Rollups
Collapsing multiple observations into one observation
Problem: I've got a data set with multiple observations per person. I'd like to collapse all of the info for one person into one observation. The file looks like this:
OBS PERSON SCORE
1 101 65
2 101 39
3 102 53
4 102 83
5 103 38
6 104 94
7 104 78
8 104 84
9 104 56
10 104 97
Where person is a unique id and score represents the result of up to five test scores. But I want it to look like this:
OBS PERSON NTIMES S1 S2 S3 S4 S5
1 101 2 65 39
2 102 2 53 83
3 103 1 38
4 104 5 94 78 84 56 97
Where ntimes represents the number of observations for a person in the original file and s1 - s5 represent the five (maximum) test scores.
Solution: This is a program shell that not only solves the problem above, but an understanding of the program reveals alot about how SAS processes data. Take a look at the code and try running the program /home/info/seminars/SASstuff/handy.sas.

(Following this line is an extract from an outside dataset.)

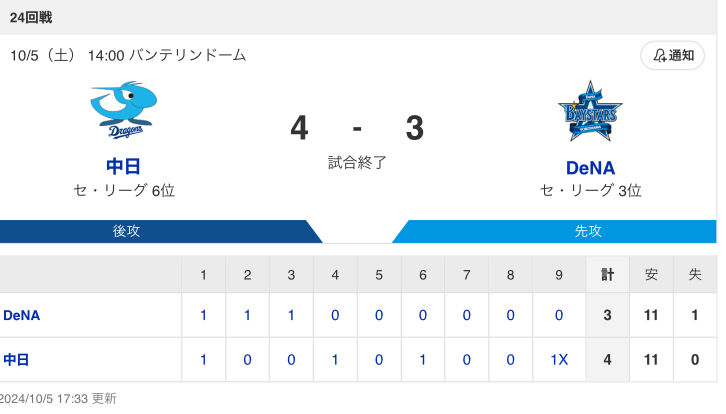 ⚾プロ野球(2024/10/5)
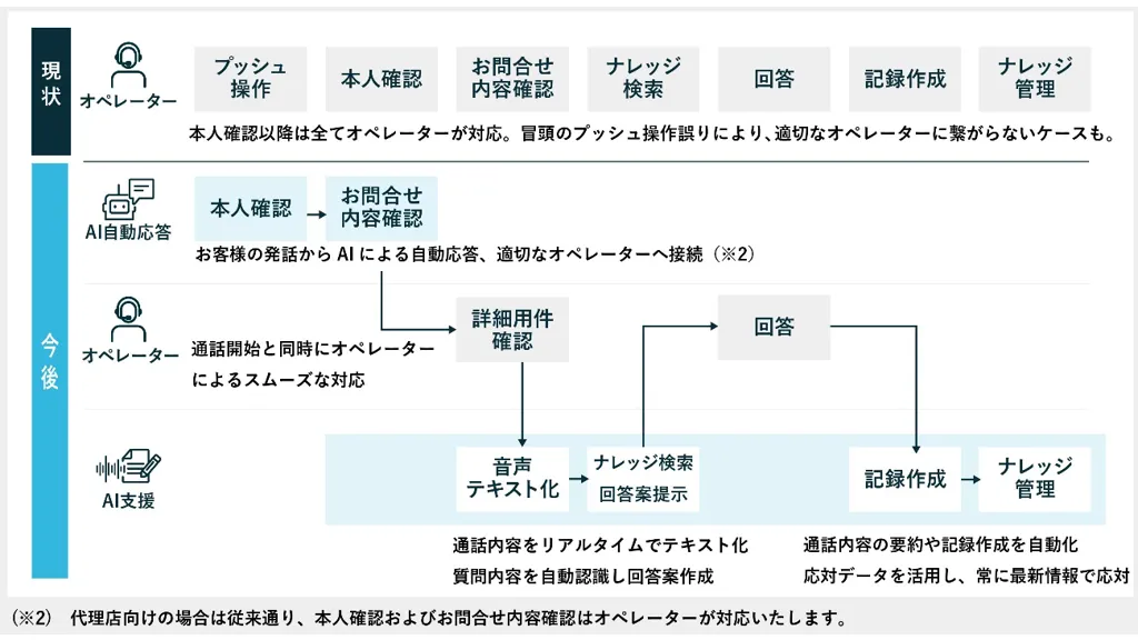 AI導入では、通話内容をリアルタイムでテキスト化し、問合せ内容を自動認識することで、回答案をオペレーターへ迅速に提示する。支援範囲は通話中の応対にとどまらず、終話後の管理業務まで含めて一連の業務プロセスを対象とする。

Line SAS statement Explanation
0001 data perslvl; name new person level file
0002 set sasstuff.perstest; read 1 obs from person/test file
0003 by person; note id of person being processed
0004 retain ntimes s1-s5; don't automatically reset these variables
0005 array scores{5} s1-s5; declare array to hold 5 scores
0006 drop score i; don't output these variables to new file
0007 if first.person then do; do ONLY if it's person's first obs
0008 do i = 1 to 5;
0009 scores{i}=.; clear scores array
0010 end;
0011 ntimes=0; AND reset obs counter
0012 end; end if person's first observation
0013 ntimes=ntimes+1; count current obs
0014 scores{ntimes}=score; place score into position in array
0015 if last.person then ONLY if it's person's last obs
0016 output; output an obs to new file
0017 run;
The program assumes that you are familiar with arrays and do loops.
What may be new to you:
- 'By' group processing
The lines:
0002 set sasstuff.perstest;
0003 by person;
tells SAS that we know that all observations with the same person id are together in the data set. If the data set was not in order by person, it would have to be sorted first. Setting the data set BY person tells SAS to automatically keep track of which person we are looking at by using it's two system variables: first.variable and last.variable. When the data is read, if SAS sees a value in the variable 'person' that it hasn't seen before, it sets first.person=1. We can then ask the question 'Is this the person's first record?' with statement 0007:
0007 if first.person then do;
We can also know if we are on the person's last record. Because if it is the person's last observation, the system variable last.person will be set to 1. (Unfortunately, we can't know if we are on the 3rd record or the next to the last record with this technique.)
- Retain
The DATA step works like a loop, repeating the statements over and over with each input record. There's a work area used by the data step called the Program Data Vector. SAS copies your input record, builds your recodes, and makes notes to itself there. Each time through the loop the area is erased in preparation for the next incoming record.
If you want SAS to remember a value from the first record when you are reading the second record, you've got to say, 'Hey, don't erase that value'. In this program we want SAS to remember, as it reads say record 3, that it already counted records 1 & 2 in the variable 'ntimes' and to remember the two scores that we loaded into the 1st & 2nd elements ofthe array. So we say:
0004 retain ntimes s1-s5;
We can change the values, but SAS won't automatically erase them.
- Explicit output
If we don't type an output statement in the DATA step, SAS assumes that we are doing straighforward 'one in, one out' processing. If that's not what we want, we've got to say so. In our example, we only want as many observations in our new data set as there are persons. We want the new observation to include information from all the records for that person. So we've got to read through all records for a person without outputting anything until we get to their last record.
0015 if last.person then
0016 output;
You can do all kinds of fancy data reshaping with this code. Try figuring out how you could create an event history type file if you started with a data set of one observation per person containing an array of scores and wanted to end up with a data set having one observation per person/score.